⚖️Roundup

10 Best Self-Hosted Apps in 2026: Take Back Control of Your Data

Home Assistant, Pi-hole, AppFlowy, Forgejo, and 6 more open-source apps that replace paid SaaS tools in 2026. All free to run, all Docker-deployable, all actively maintained. Here's what each replaces and where each one falls short.

J
James Crawford
June 9, 2026
10 min read
🔍
Roundup

Most SaaS products exist because self-hosting used to be genuinely difficult. Running your own software meant configuring Linux servers from scratch, managing dependencies manually, and accepting that things would break in ways that took days to diagnose.

Docker changed that calculation. A single YAML file and a docker compose up command now deploys most open-source projects in minutes. A $6/month VPS or a Raspberry Pi 4 runs a surprising amount of useful software simultaneously. The barrier to entry is closer to "an afternoon" than "a devops team."
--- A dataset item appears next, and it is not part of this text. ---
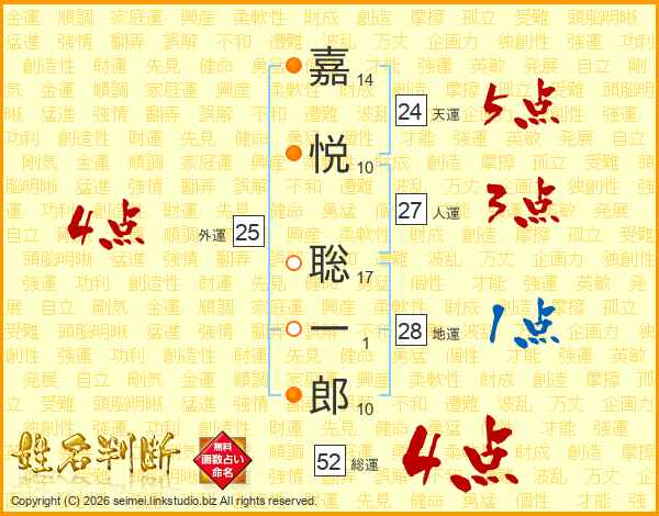 嘉(14画)悦(10画) 聡(17画)一(1画)郎(10画)

The 10 apps below are not experimental. They're running in production across thousands of self-hosted setups, actively maintained, and free to run without subscription fees. What each costs is hardware, your time for initial setup, and occasional maintenance during updates.

If you're new to self-hosting, start with Pi-hole. It's the fastest to deploy, immediately useful, and the skills it requires (editing router DNS settings, accessing a web dashboard) transfer to every other project on this list. From there, add tools as the needs become clear.


1. Home Assistant

Replaces: Proprietary smart home hubs (SmartThings, HomeKit, Alexa)
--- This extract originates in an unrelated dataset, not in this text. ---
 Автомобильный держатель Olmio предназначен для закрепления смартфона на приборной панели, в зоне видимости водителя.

Home Assistant is the operating system for home automation. With 73,000+ GitHub stars and integrations for 2,000+ devices, it connects smart bulbs, sensors, security cameras, thermostats, and anything with an API into a single interface you control. Install it on a Raspberry Pi or in a Docker container and your home automation data stays on your local network rather than routing through Amazon, Google, or Samsung servers.

The automation engine is powerful. You can build conditional logic across devices and services without writing code. The community has solved most common use cases, meaning the automation you want probably has a working template in the forums.

The limitation: Some proprietary devices require cloud accounts even with Home Assistant bridging them. Matter and Thread support continues to improve, but older hardware ecosystems vary. Plan for 2-4 hours of initial setup for a typical smart home.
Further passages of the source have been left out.